The design does not dictate how you should distribute your strategies.
You have these choices
Allocate a single strategy to a single process
Allocate many strategies to a single process
There are different concerns as outlined in the following.
Since the design is single threaded: be mindful that each strategy can update fast enough so that the process doesn’t fall behind the streams of data arriving from the gateways. There metrics you can (and should) use to monitor any queuing behaviour.
You should choose a single strategy per process if you only have a small number of strategies and you want to achieve the absolute lowest latency. Each process should then be configured for busy polling and pin to a distinct CPU core.
Having a single process for many strategies may be perfectly fine if you don’t need very low latency. The easiest design is when the strategies are completely orthogonal on symbols.
CPU cores achieve cache coherence using something like the MOSI protocol. The shared memory queue between each gateway and connected clients use this to great effect: distribution happens automatically at the hardware level. However, the hardware relies on a bus to chat about the state of each cache line. This bus has finite capacity and we expect this to degrade with number of connected clients.
We only recommend a single strategy per process when the number of strategies are fairly small. There’s no easy answer to “what is fairly small?”. It depends on choice of CPU and possibly other factors.
Another concern is around cache thrashing. You are less likely to keep data in the L1/L2 caches when you run many strategies in a single process.
The gateways offer the following services
All of these are managed per connected “user” (= process for the purposes of this discussion). In other words, the gateways do not offer more granular protection if you decide to bundle many strategies in a single process.
The main concern is around routing order acks/updates and fills to the relevant strategy.
This is not a challenge if you have many strategies with no overlap on the traded symbols (completely orthogonal).
However, you must route the events to the right strategy if there is overlap.
You can sometimes use the
routing_id field to help you.
This does however rely on exchange support: the field is appended to a unique
client order ID generated by the gateway and must adhere to the rules of the
exchange (max length of client order ID and very often using a specific
Some exchanges, such as Coinbase PRO, only allows UUID’s for client order ID’s
and then the
routing_id is not supported.)
You have the option to auto-cancel working orders per account.

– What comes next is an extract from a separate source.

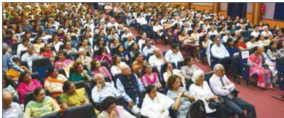
Section of members

This is a policy you can set when configuring the client (process).
Again, this is something that may or may not affect individual strategies when you bundle many strategies together.
In fact, it may even affect other clients (processes). This could manifest itself if you choose to auto-cancel by user instead of by account – sometimes this generates many requests to the exchange which will in turn affect the rate limiters for all connected users.
You probably want to split strategies on different processes if there is some probability that you may have to restart a single strategy during a trading session.
You would have to restart all strategies if you bundled many strategies in a single process and one strategy turned out to be misconfigured.
Sometimes you need processing which isn’t fast enough to keep up with the stream
of data arriving from the gateways.
This will often be some heavier model calibration.
We suggest that you separate this calculation on a separate process and make use
of the timer to initiate the computation step.
Between timer updates you will receive the events and you simply use those to
update some internal storage for current state or some history of what happened.
You can use the
CustomMetrics to push the calibrated model to other
consumers once the heavy computation completes.
An alternative design is to use a secondary thread to compute anything heavy.
This design relies on the
CustomMessage to share information to the
primary thread (the poll loop).
The threaded design is more complex because it relies on you deciding on some
codec (JSON, for example) to share data between the threads.
You must also decide on some method for copying data from the primary data
(could be a queue, a global object, etc.).
You might then be tempted to start using a mutex and then you do not have a
low latency design anymore.
We strongly recommend using a separate process and
then you automatically get the benefits of lock-free queues and a very fast
This is more of a warning to not enable high log verbosity without thinking about the physical constraints.
You may find that having many processes isn’t great when you also need higher log verbosity. This is because you often use the same service (filesystem, journald, …) which then becomes a contented resource.
Having fewer processes makes the logging resource less contented and you’re leveraging buffering to a higher degree.